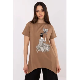 Casual dámský top ideální na každý den, kombinující pohodlí s trendy vzhledem. Vyrobený z vysoce kvalitní směsi bavlny a elastanu, poskytuje pohodlí a dokonalé přizpůsobení postavě. Standardní délka, krátký rukáv a klasický kulatý výstřih. Bez zapínání, což zajišťuje pohodlné oblékání. Dominantní zvířecí motiv a potisk přitahují pozornost, a aplikace z jehlic a zirkonů dodávají topu výjimečný lesk a originální charakter. Skvělý návrh pro ženy, které ocení pohodlí a trendy, neokázalý styl na každý den.
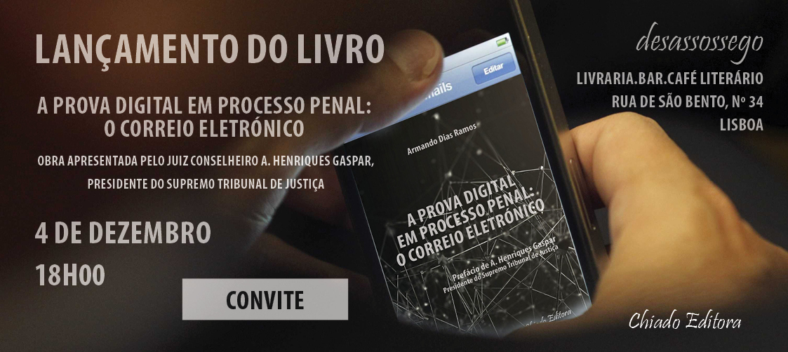 A sessão de lançamento do livro “A prova digital em Processo Penal: o correio eletrónico” será realizada no dia 4 de dezembro de 2014, pelas 18H00, conforme convite em anexo. As honras de apresentação desta obra, que é ímpar na doutrina portuguesa, está a cargo do Presidente do Supremo Tribunal de Justiça, Conselheiro Henriques Gaspar, ilustre jurista, que também escreveu o prefácio da mesma, tendo aí referido que “a abordagem da matéria tratada nesta obra jurídica, juntando interessantes elementos de interdisciplinaridade, revela exemplarmente o desfasamento entre a velocidade da evolução dos instrumentos da informática e as dificuldades de acompanhamento e da intervenção reguladora do direito.”
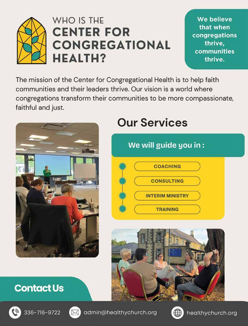Refreshments are located in the Exhibit Hall (Hailey Hall) and are made available through the generosity of our sponsors—Center for Congregational Health and Center for Healthy Churches.
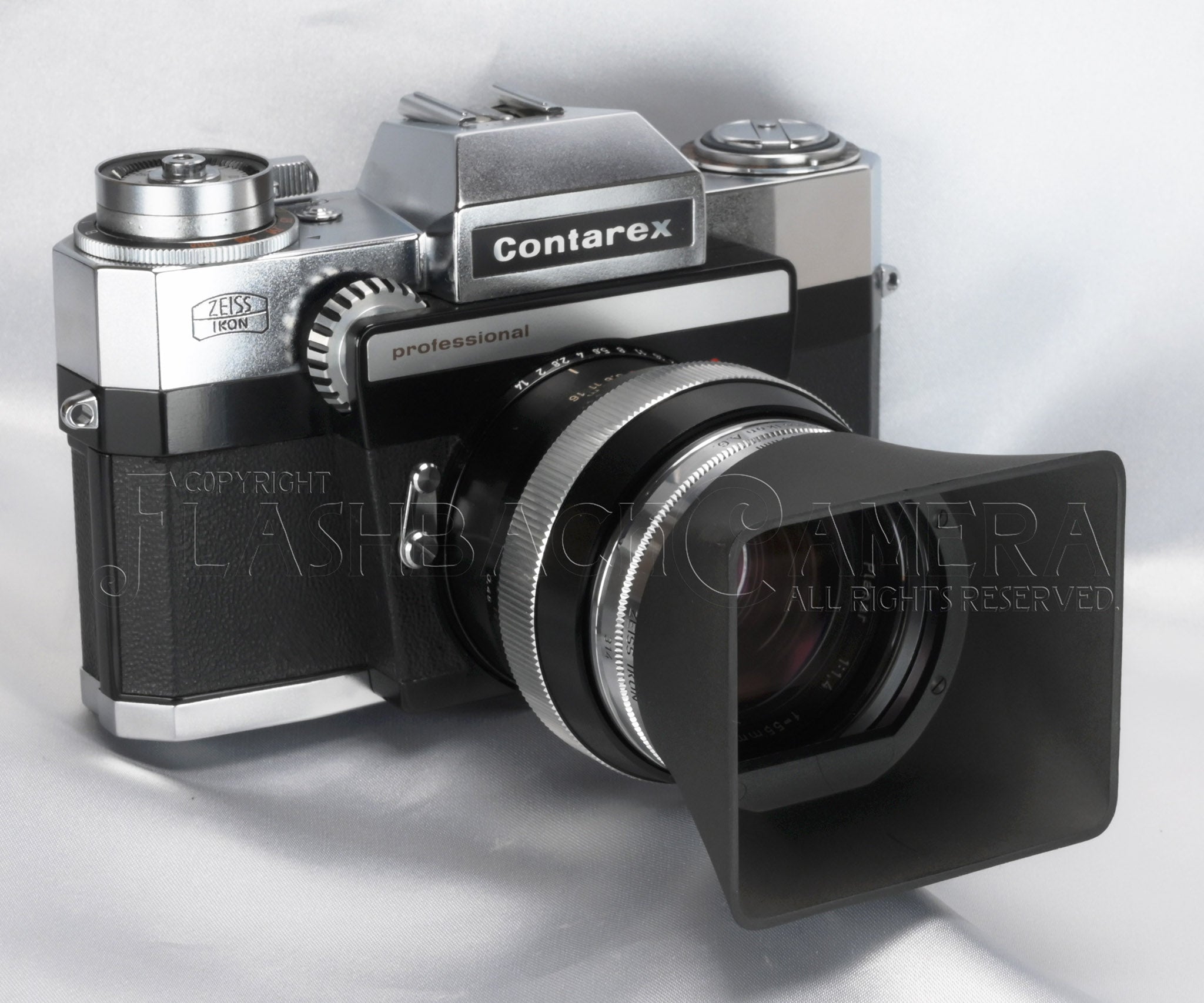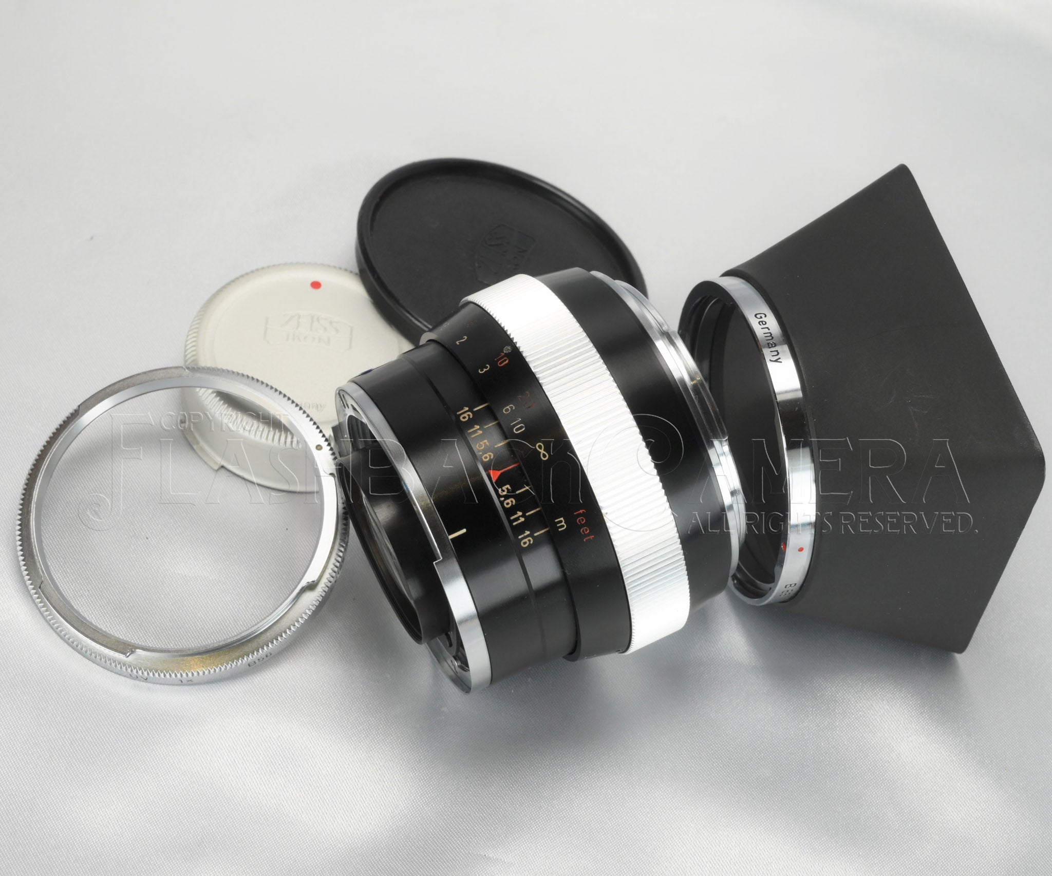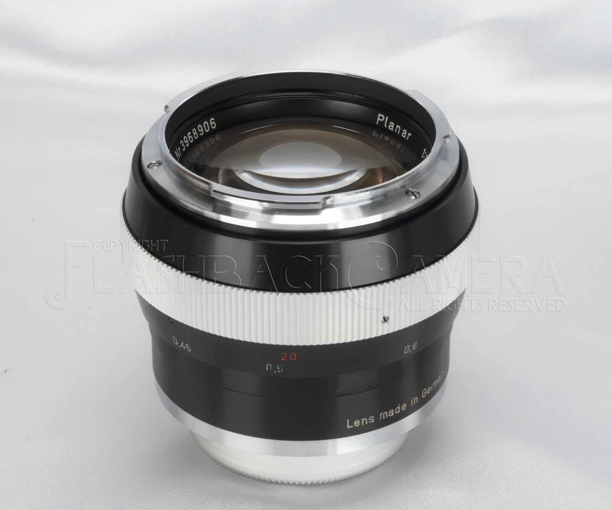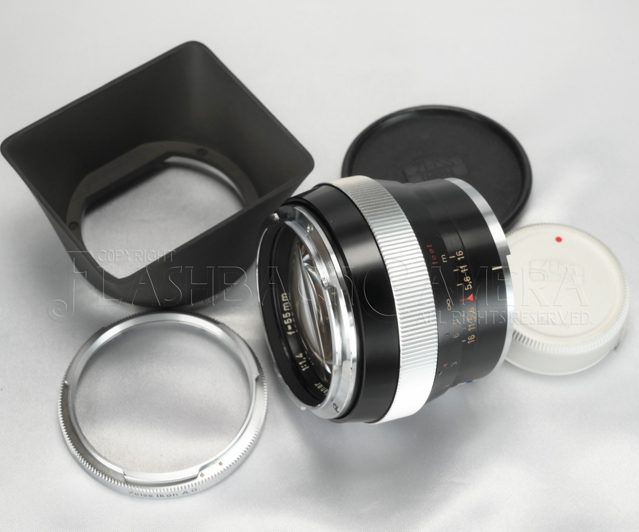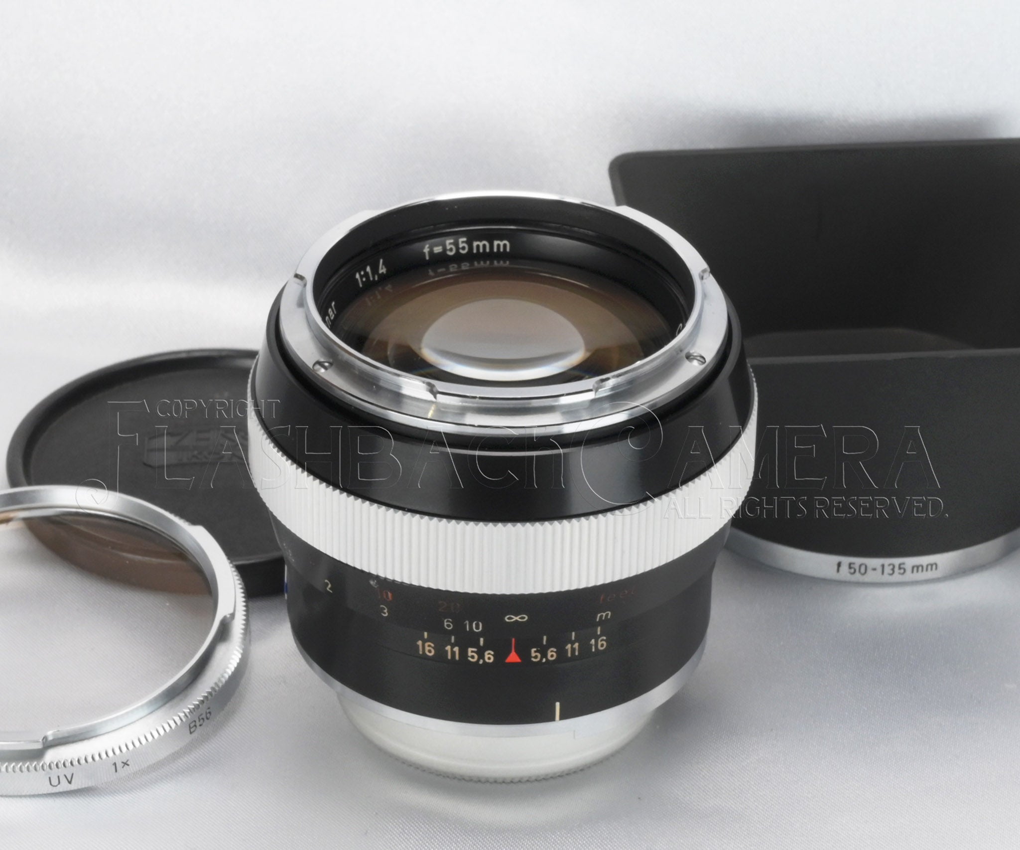 カール・ツァイス製のプラナー 55mm f1.4。コンタレックス用。ブラック仕上げ。1961年から1970年にかけて販売されました。当時はかなり高価なレンズだったようですが、8,275本が製造されており、プラナー 50mm f2、ディスタゴン 35mm f4に次いだ製造本数です。
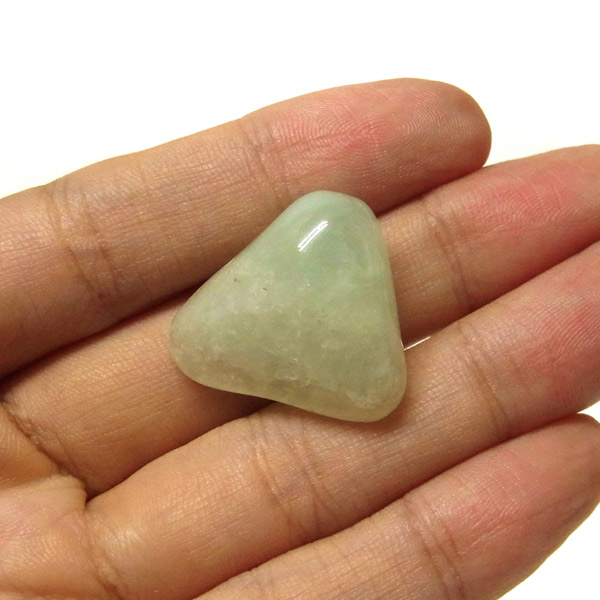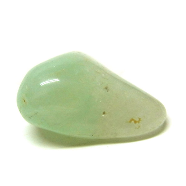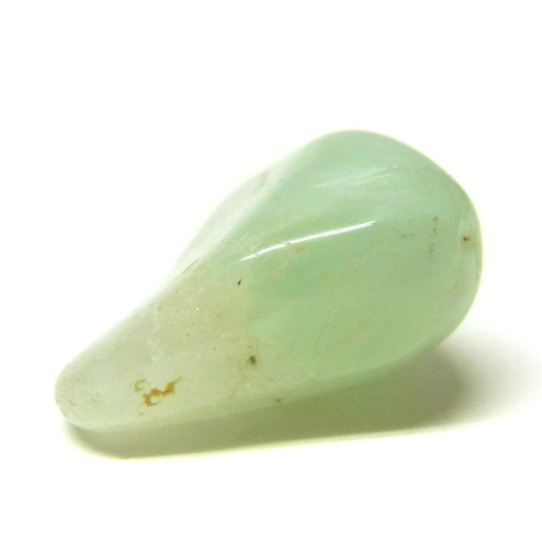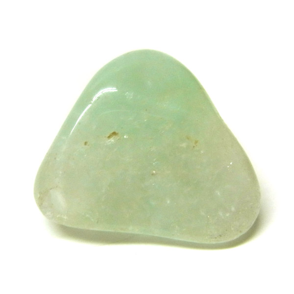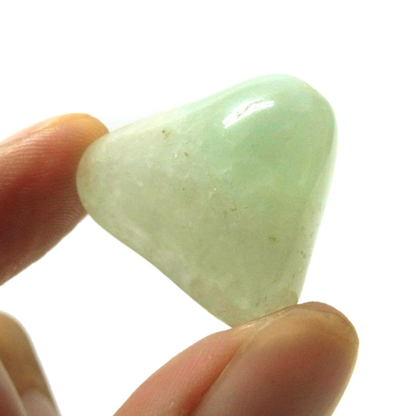南アフリカ産のプレナイト、タンブルです。プレナイトは、淡い青緑から黄色にかけての色合いの石。1788年に南アフリカで初めてこの石を発見したフォン・プレーン大佐にちなんで名付けられました。葡萄石という和名は産出時に見た目が葡萄のようであったことから名づけられました。今回は黄色味がかったものではなく、発色の良いミルキーな青よりの緑のプレナイトをご用意いたしました。優しい色合いで心が落ち着きます。

==*==

# YOUR INSTRUCTIONS:
Your output must match the records word for word, apart from the images, which are left out.

# ANSWER BELOW:
 Casual dámský top ideální na každý den, kombinující pohodlí s trendy vzhledem. Vyrobený z vysoce kvalitní směsi bavlny a elastanu, poskytuje pohodlí a dokonalé přizpůsobení postavě. Standardní délka, krátký rukáv a klasický kulatý výstřih. Bez zapínání, což zajišťuje pohodlné oblékání. Dominantní zvířecí motiv a potisk přitahují pozornost, a aplikace z jehlic a zirkonů dodávají topu výjimečný lesk a originální charakter. Skvělý návrh pro ženy, které ocení pohodlí a trendy, neokázalý styl na každý den.
 A sessão de lançamento do livro “A prova digital em Processo Penal: o correio eletrónico” será realizada no dia 4 de dezembro de 2014, pelas 18H00, conforme convite em anexo. As honras de apresentação desta obra, que é ímpar na doutrina portuguesa, está a cargo do Presidente do Supremo Tribunal de Justiça, Conselheiro Henriques Gaspar, ilustre jurista, que também escreveu o prefácio da mesma, tendo aí referido que “a abordagem da matéria tratada nesta obra jurídica, juntando interessantes elementos de interdisciplinaridade, revela exemplarmente o desfasamento entre a velocidade da evolução dos instrumentos da informática e as dificuldades de acompanhamento e da intervenção reguladora do direito.”
Refreshments are located in the Exhibit Hall (Hailey Hall) and are made available through the generosity of our sponsors—Center for Congregational Health and Center for Healthy Churches.
 カール・ツァイス製のプラナー 55mm f1.4。コンタレックス用。ブラック仕上げ。1961年から1970年にかけて販売されました。当時はかなり高価なレンズだったようですが、8,275本が製造されており、プラナー 50mm f2、ディスタゴン 35mm f4に次いだ製造本数です。
南アフリカ産のプレナイト、タンブルです。プレナイトは、淡い青緑から黄色にかけての色合いの石。1788年に南アフリカで初めてこの石を発見したフォン・プレーン大佐にちなんで名付けられました。葡萄石という和名は産出時に見た目が葡萄のようであったことから名づけられました。今回は黄色味がかったものではなく、発色の良いミルキーな青よりの緑のプレナイトをご用意いたしました。優しい色合いで心が落ち着きます。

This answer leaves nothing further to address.